🤖 AI Summary
Vision Transformers (ViTs) applied to ear recognition suffer from fine-grained detail loss due to non-overlapping patch partitioning. Method: This work proposes an overlap-aware ViT optimization framework, systematically investigating patch size (28×28) and stride (14) to enable overlapping image patches—demonstrating for the first time the critical role of overlap in modeling ear-specific fine-grained features. Experiments are conducted on standardized 112×112 ear images. Contribution/Results: A lightweight ViT-T variant outperforms ViT-S, ViT-B, and ViT-L across three benchmarks—AWE, WPUT, and our newly introduced EarVN1.0 dataset. In 48 ablation and comparative experiments, the overlapping strategy achieves top performance in 44 cases; notably, recognition accuracy on EarVN1.0 improves by up to 10%. This work establishes overlapping patching as an effective paradigm for ViT-based ear recognition and offers a novel direction for lightweight biometric identification.
📝 Abstract
Ear recognition has emerged as a promising biometric modality due to the relative stability in appearance during adulthood. Although Vision Transformers (ViTs) have been widely used in image recognition tasks, their efficiency in ear recognition has been hampered by a lack of attention to overlapping patches, which is crucial for capturing intricate ear features. In this study, we evaluate ViT-Tiny (ViT-T), ViT-Small (ViT-S), ViT-Base (ViT-B) and ViT-Large (ViT-L) configurations on a diverse set of datasets (OPIB, AWE, WPUT, and EarVN1.0), using an overlapping patch selection strategy. Results demonstrate the critical importance of overlapping patches, yielding superior performance in 44 of 48 experiments in a structured study.

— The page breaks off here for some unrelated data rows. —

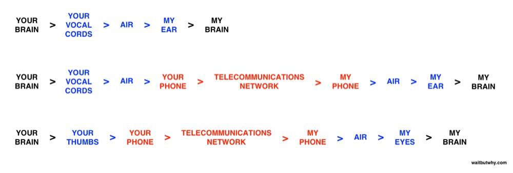 While the top three chains represent traditional media, the bottom is neuralink communication. Neuralink is argued as simply another media form because it cuts out all the intermediate steps like ‘my phone’ or ‘air’.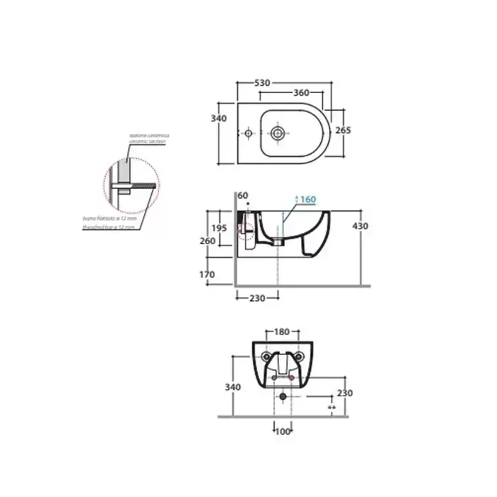 Globo Mode Биде подвесное, 53см., на 1 отв., цвет: белый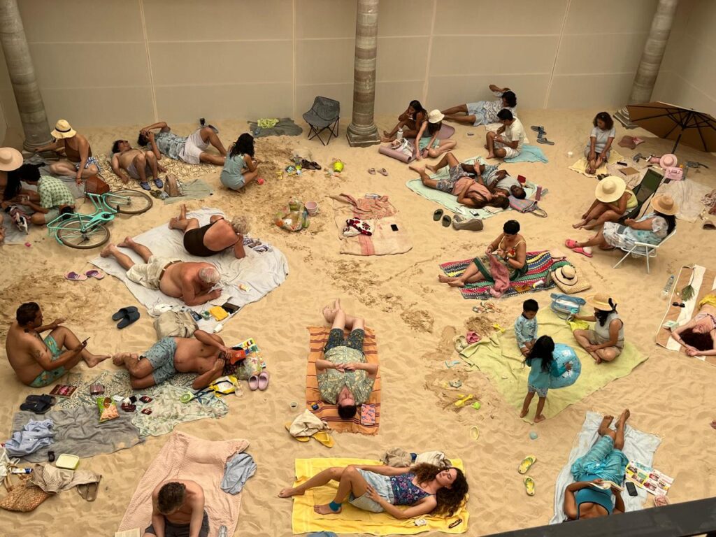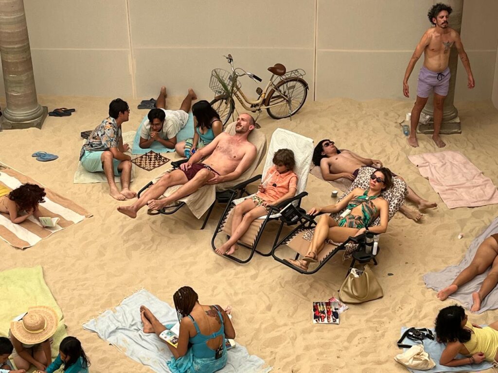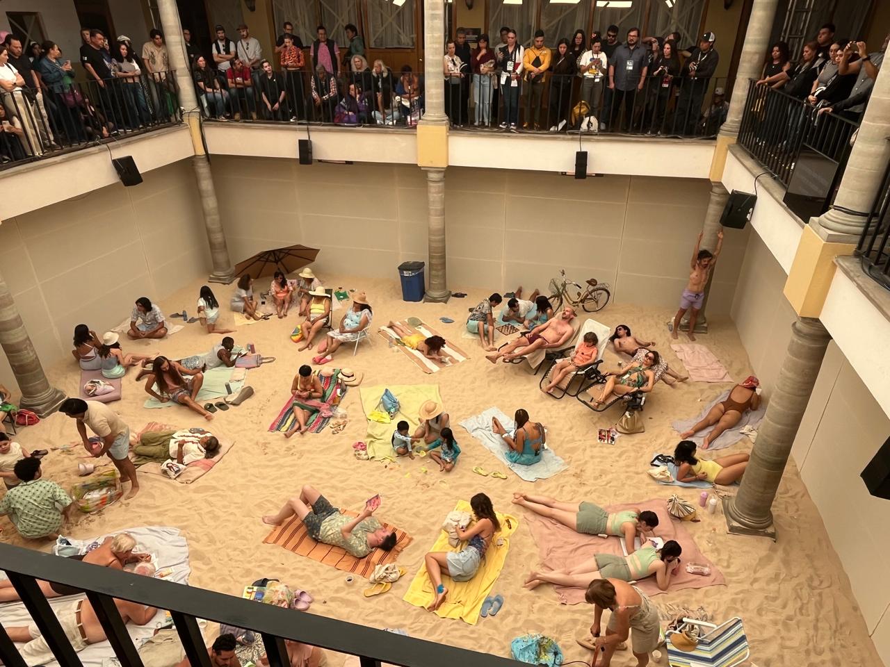 Sin duda, uno de los atractivos más destacables de esta puesta en escena, es la forma en que la Casa de la Cultura, se convirtió en una auténtica playa europea, toneladas y toneladas de arena cubren el patio principal.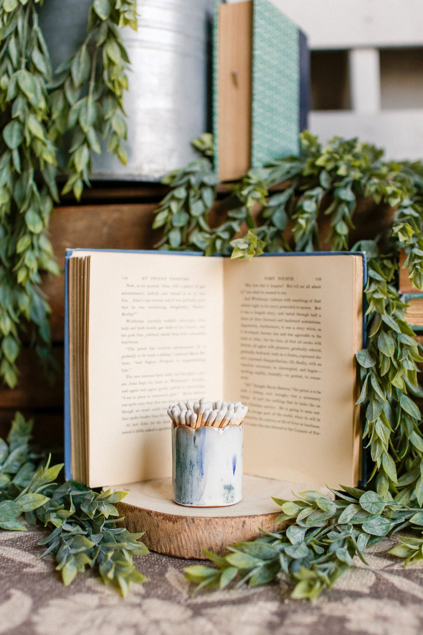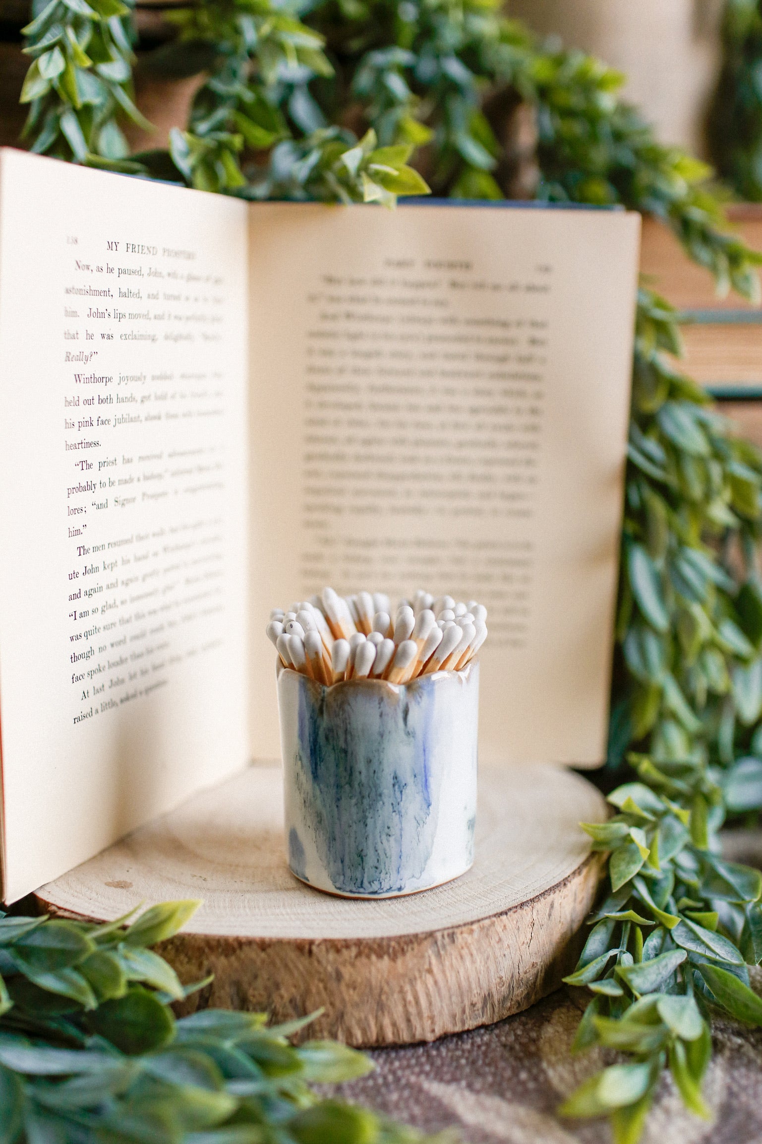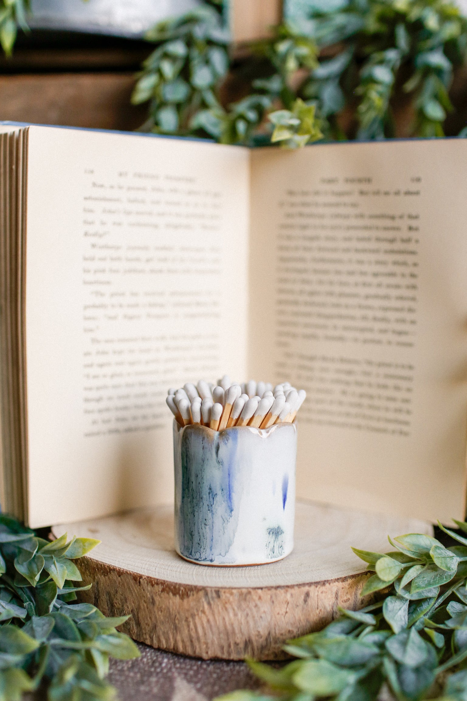 Keep your matches organized in style with this charming stoneware Watercolor Scalloped Trim Match Holder. Featuring a delightful scalloped trim design, it's both practical and pretty—holding 20-25 matches while adding a touch of elegance to your home. Striker on bottom.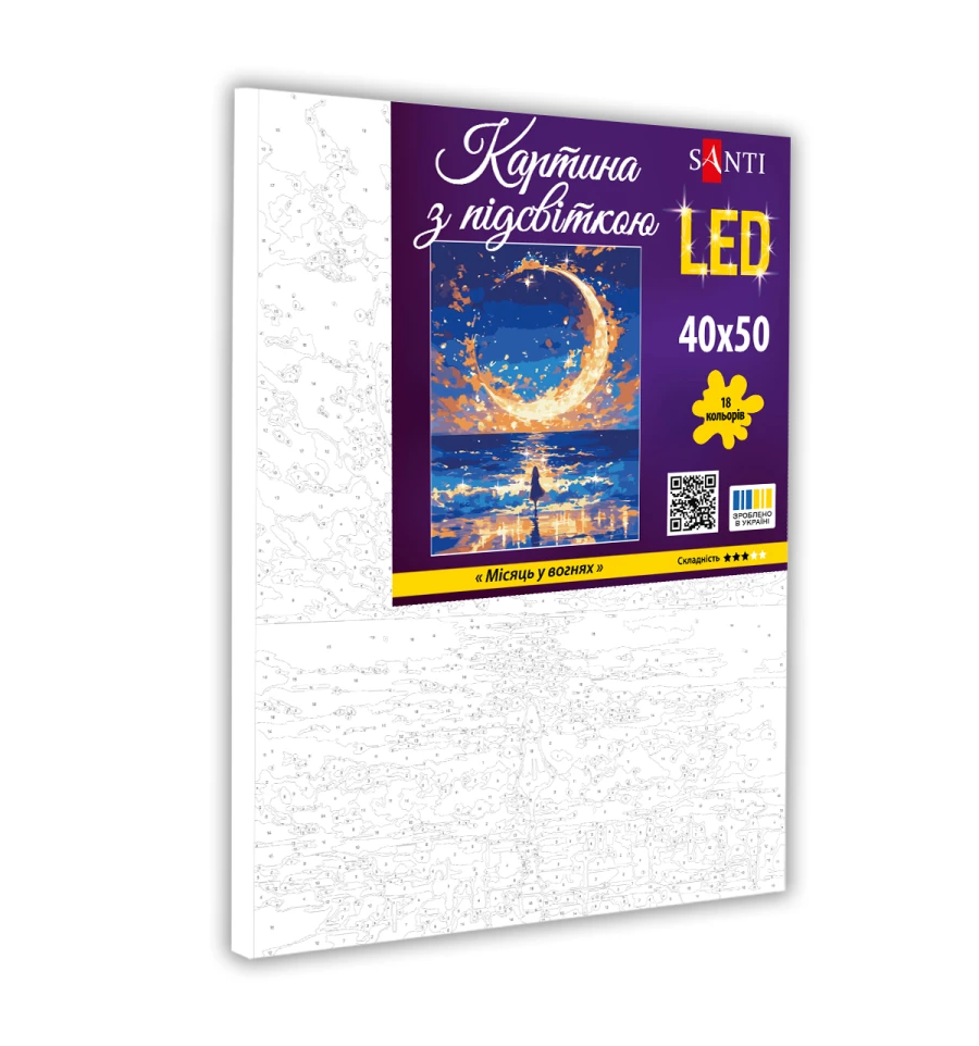 Відчути себе справжнім художником можливо навіть якщо ви ніколи не брали до рук пензель. Картини за номерами від бренду SANTI з LED підсвіткою створені саме для того, щоб ви захоплююче провели свій час, розвинули творчі здібності та отримали чудовий витвір мистецтва, створений власноруч. Набір для малювання SANTI допоможе створювати дивовижні сюжети, слідуючи пронумерованим контурам на полотні та використовуючи якісні акрилові фарби.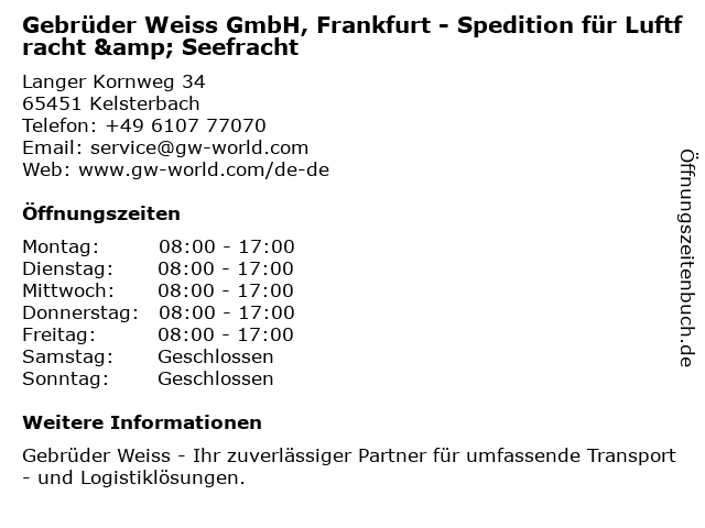 Branchen & Suchbegriffe zu Gebrüder Weiss GmbH, Frankfurt - Spedition für Luftfracht & Seefracht:gebrüder, landverkehr, lkw-transport, logistik, luftfracht, seefracht, spedition, transport, weiss, zoll, zollabfertigung |

Moreover, upon comparing the results of the overlapping patches with the non-overlapping configurations, the increase is significant, reaching up to 10% for the EarVN1.0 dataset. In terms of model performance, the ViT-T model consistently outperformed the ViT-S, ViT-B, and ViT-L models on the AWE, WPUT, and EarVN1.0 datasets. The highest scores were achieved in a configuration with a patch size of 28x28 and a stride of 14 pixels. This patch-stride configuration represents 25% of the normalized image area (112x112 pixels) for the patch size and 12.5% of the row or column size for the stride. This study confirms that transformer architectures with overlapping patch selection can serve as an efficient and high-performing option for ear-based biometric recognition tasks in verification scenarios.